WHAT YOU NEED TO DO ▸
This task calls for the lines below starting at the one containing "夏休みなどハイシーズン。那覇" and ending at the one containing "产品定位亲民、时尚、安全环保", repeated exactly with both ends kept and pictures left out.

INPUT FOR THIS TASK ▸
****
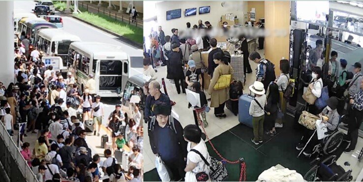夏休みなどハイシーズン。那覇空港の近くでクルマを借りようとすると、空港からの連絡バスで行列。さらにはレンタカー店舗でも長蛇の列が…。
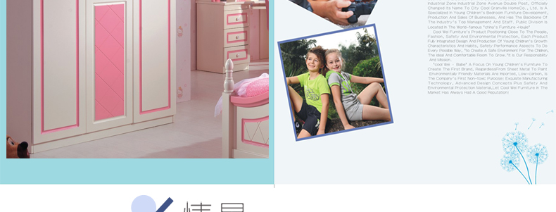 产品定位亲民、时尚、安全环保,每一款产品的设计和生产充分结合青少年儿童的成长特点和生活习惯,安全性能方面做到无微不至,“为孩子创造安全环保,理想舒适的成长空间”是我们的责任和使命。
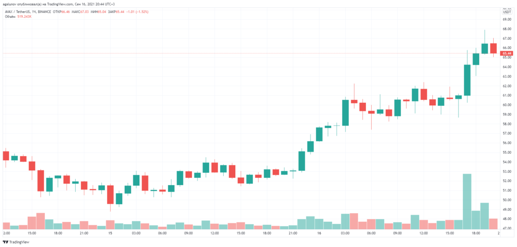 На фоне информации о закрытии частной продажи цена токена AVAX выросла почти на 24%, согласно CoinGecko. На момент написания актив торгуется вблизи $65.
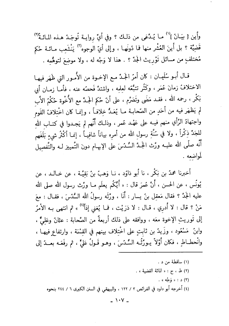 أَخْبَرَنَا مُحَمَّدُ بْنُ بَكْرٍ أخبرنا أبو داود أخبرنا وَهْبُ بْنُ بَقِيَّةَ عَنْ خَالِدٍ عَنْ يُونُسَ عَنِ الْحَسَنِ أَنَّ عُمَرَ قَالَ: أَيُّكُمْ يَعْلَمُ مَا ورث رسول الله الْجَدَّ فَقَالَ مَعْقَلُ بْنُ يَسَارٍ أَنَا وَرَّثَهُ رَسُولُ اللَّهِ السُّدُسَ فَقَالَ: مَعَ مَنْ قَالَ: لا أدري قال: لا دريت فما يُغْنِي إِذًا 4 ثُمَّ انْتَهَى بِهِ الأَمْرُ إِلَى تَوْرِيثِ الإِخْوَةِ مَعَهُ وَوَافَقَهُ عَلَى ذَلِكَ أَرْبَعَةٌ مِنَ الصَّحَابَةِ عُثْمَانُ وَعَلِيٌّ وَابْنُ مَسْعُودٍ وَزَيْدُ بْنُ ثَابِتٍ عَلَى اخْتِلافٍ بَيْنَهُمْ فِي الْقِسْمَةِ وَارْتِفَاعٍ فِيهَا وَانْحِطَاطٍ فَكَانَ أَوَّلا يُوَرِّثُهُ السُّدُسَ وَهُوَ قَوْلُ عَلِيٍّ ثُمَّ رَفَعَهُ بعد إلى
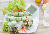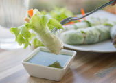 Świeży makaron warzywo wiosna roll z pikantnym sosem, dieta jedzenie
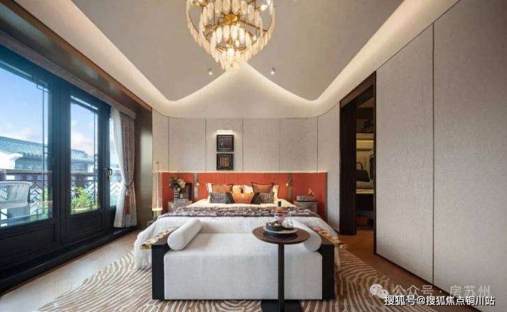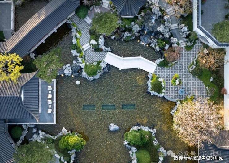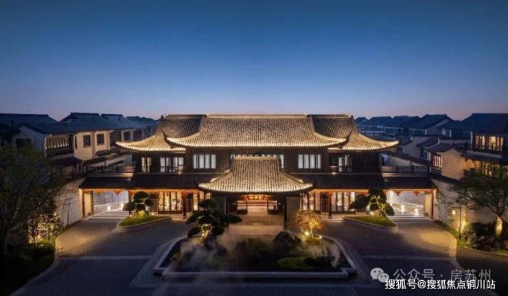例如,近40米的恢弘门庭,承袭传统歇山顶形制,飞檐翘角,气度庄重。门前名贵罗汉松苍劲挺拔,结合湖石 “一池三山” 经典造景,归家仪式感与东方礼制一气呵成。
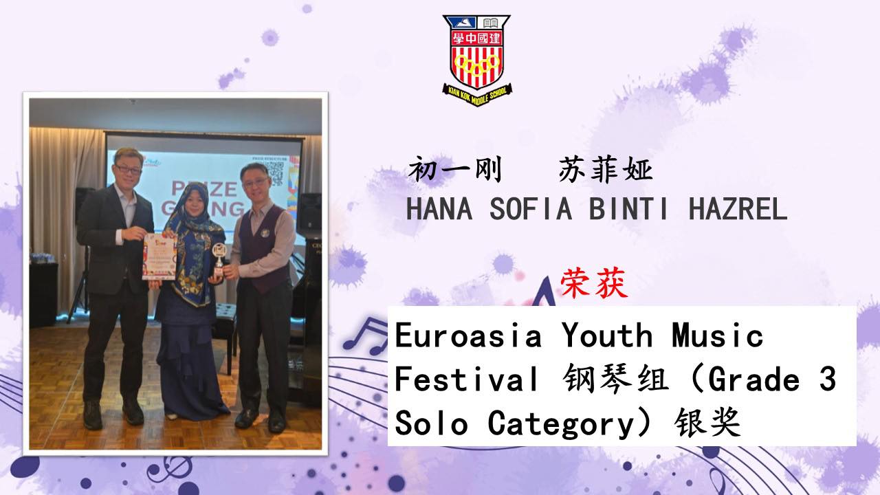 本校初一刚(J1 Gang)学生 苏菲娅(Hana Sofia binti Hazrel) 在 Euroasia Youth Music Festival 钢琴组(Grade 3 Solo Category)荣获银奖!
****
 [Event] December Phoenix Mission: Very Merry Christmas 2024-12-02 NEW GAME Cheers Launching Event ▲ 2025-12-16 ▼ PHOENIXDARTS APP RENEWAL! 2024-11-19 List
****
YOUR RESPONSE ▸
夏休みなどハイシーズン。那覇空港の近くでクルマを借りようとすると、空港からの連絡バスで行列。さらにはレンタカー店舗でも長蛇の列が…。
 产品定位亲民、时尚、安全环保,每一款产品的设计和生产充分结合青少年儿童的成长特点和生活习惯,安全性能方面做到无微不至,“为孩子创造安全环保,理想舒适的成长空间”是我们的责任和使命。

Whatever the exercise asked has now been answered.